Recommended Air Handling Systems for Food Production
FOOD PRODUCTION AIR HANDLING SYSTEMS
MARCH 28, 2013
Controlled Environment has a significant amount of time spent in food production facilities analyzing ventilation systems. One of the items at the top of the list that needs attention at most facilities is the type of air handling equipment and how it is applied.
PROPER AIRFLOW BALANCE:
A fairly significant design flaw that we encounter in air handling units that supply cooling (DX and/or ammonia systems) are recycling air from the room even when there is process exhaust air being taken out of the room. The result is a negative condition in the room which of course can cause contaminated air, dirt and insects to be drawn in from outside the facility or from contaminated areas inside the facility.

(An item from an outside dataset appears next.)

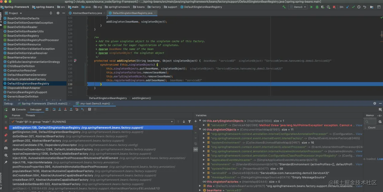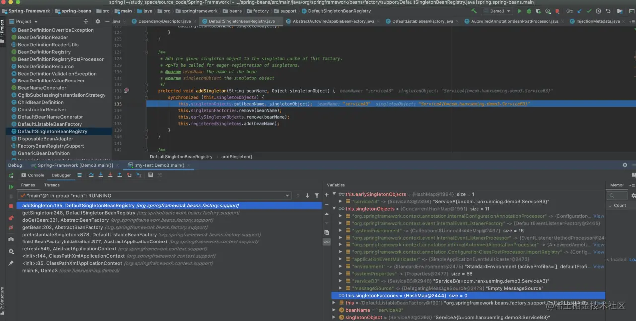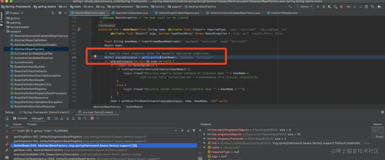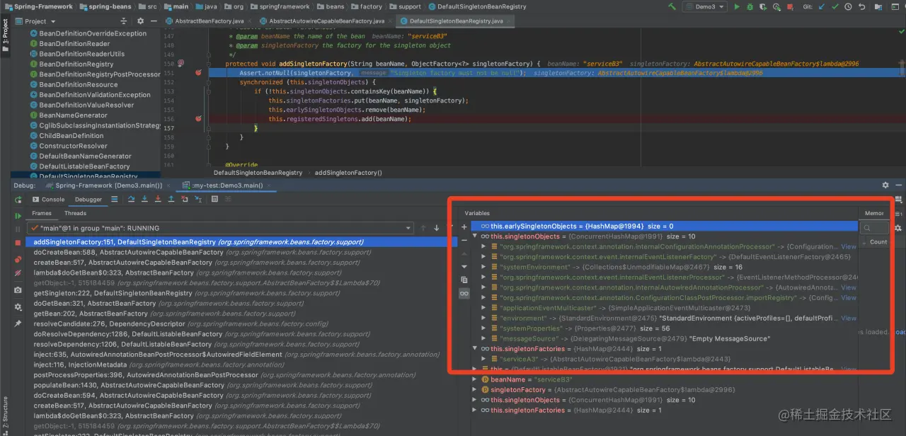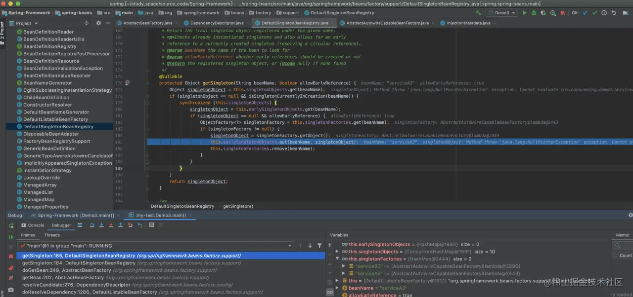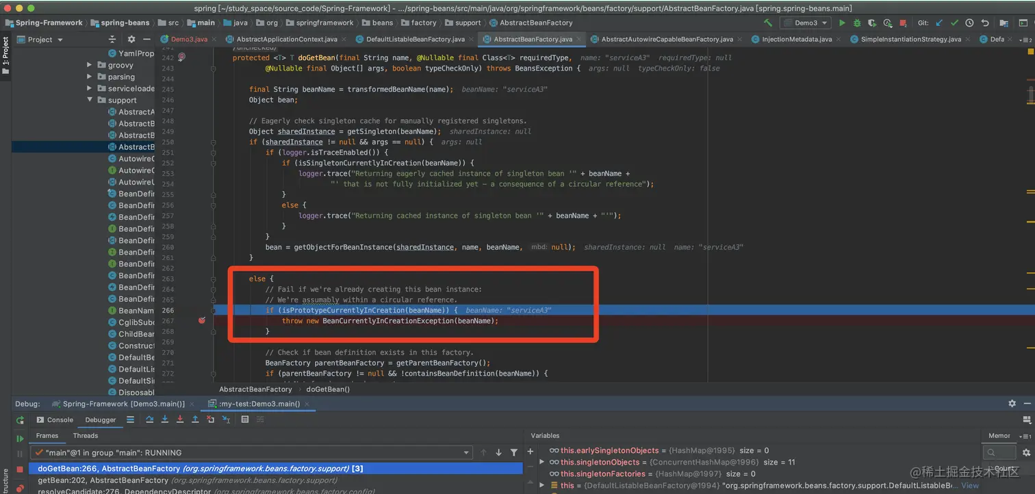 到这里,ServiceA3 和ServiceB3的实例已经成功创建,并放入到Spring的第三级缓存中,但是此时,还没有向ServiceA3 和 ServiceB3中注入属性。

A typical example: if there is a requirement for 50 tons of cooling in a production facility and there is 10,000 cfm of exhaust. Frequently what we see is that the 50 ton air handling unit is recycling air from the room and only bringing in about 10% outside fresh air of the air quantity being handled by the unit; which in this case could be 2,000 cfm. So, in this production room, they are bringing in 8,000 cfm of uncontrolled air from potentially contaminated areas. Most companies that supply air handling units, design their units for recycled air and if one requests a unit that brings in 100% outside air, the prices for these units are significantly higher.

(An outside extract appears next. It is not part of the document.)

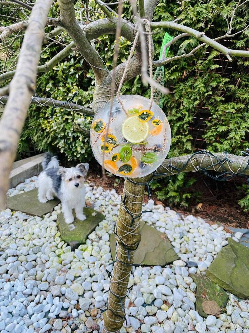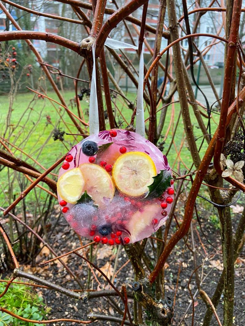 SIe nutzten die Minusgrade, um die Landschaft mit ihrer Eiskunst zu verschönern. Die Kunstwerke wurden fotografiert und den Mitschülerinnen und Mitschülern stolz präsentiert.
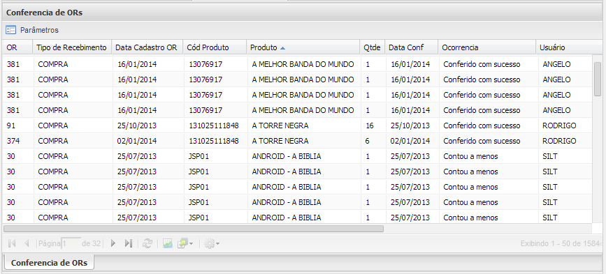 Serão exibidas todas as conferências realizadas por um ou mais OR (ordem de recebimento), conforme valores informados no Parâmetro.

AIRFLOW FILTRATION DESIGN:
The other significant design flaw we see with air handling units is that the filtration is on the inlet of the unit only. This approach has pretty much been accepted for years and even today; the new units being installed only have filtration on the inlet. New research going on today highly recommends having filtration on the inlet and the outlet as follows: MERV 12 on the inlet and a MERV 17 on the outlet of filtration systems. This definitely applies to air handling units that recycle air for heating and cooling, however, it is highly recommended for air handling units that bring in 100% of its air from outside.The reason this has become important is that the air handling unit is an enclosure that can contain moisture; and both cooling units and heating units can contain moisture. The moisture is an important part of growing, for example, salmonella.

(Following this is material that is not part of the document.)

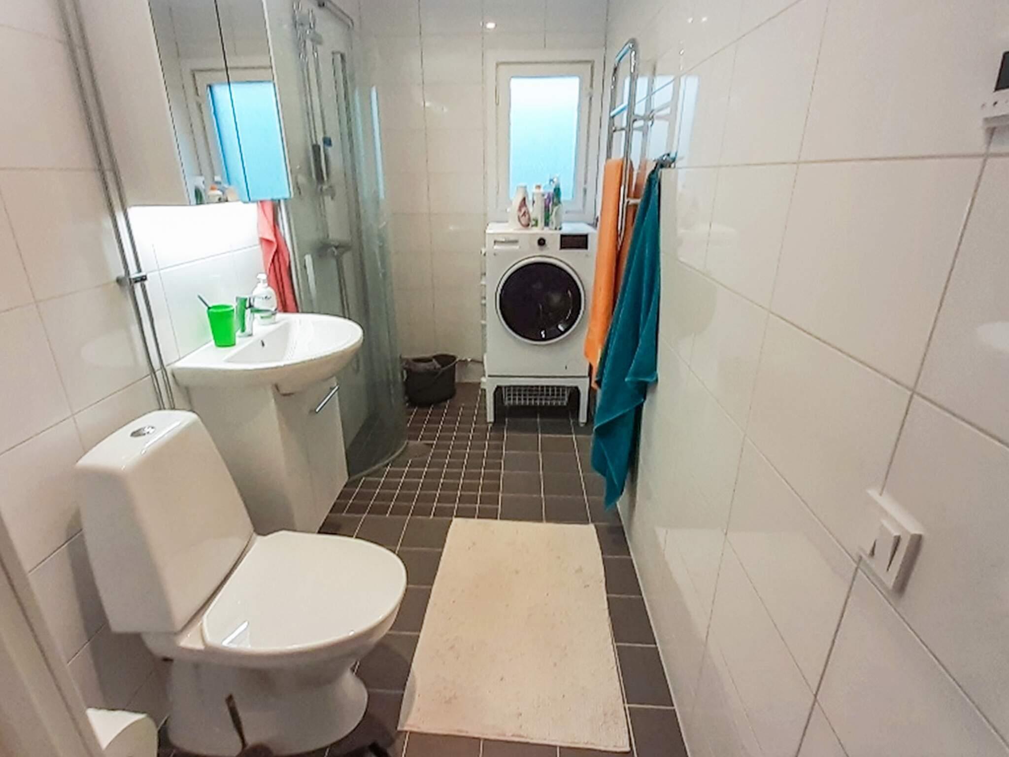 Bad/WC: Tvättmaskin, wc, tvättställ, dusch

In a food production area in a facility, cleaning and sterilizing is done consistently and daily. How often, however, have we seen the cleaning crew go inside of an air handling unit? Not often! Contaminants can start to grow inside the air handling units, and be picked up and blown back into the production facility. And just a note, salmonella can be airborne, along with many other types of contaminants. As a summary; a filtration system should be on the inlet and outlet of any air handling system within a food production facility.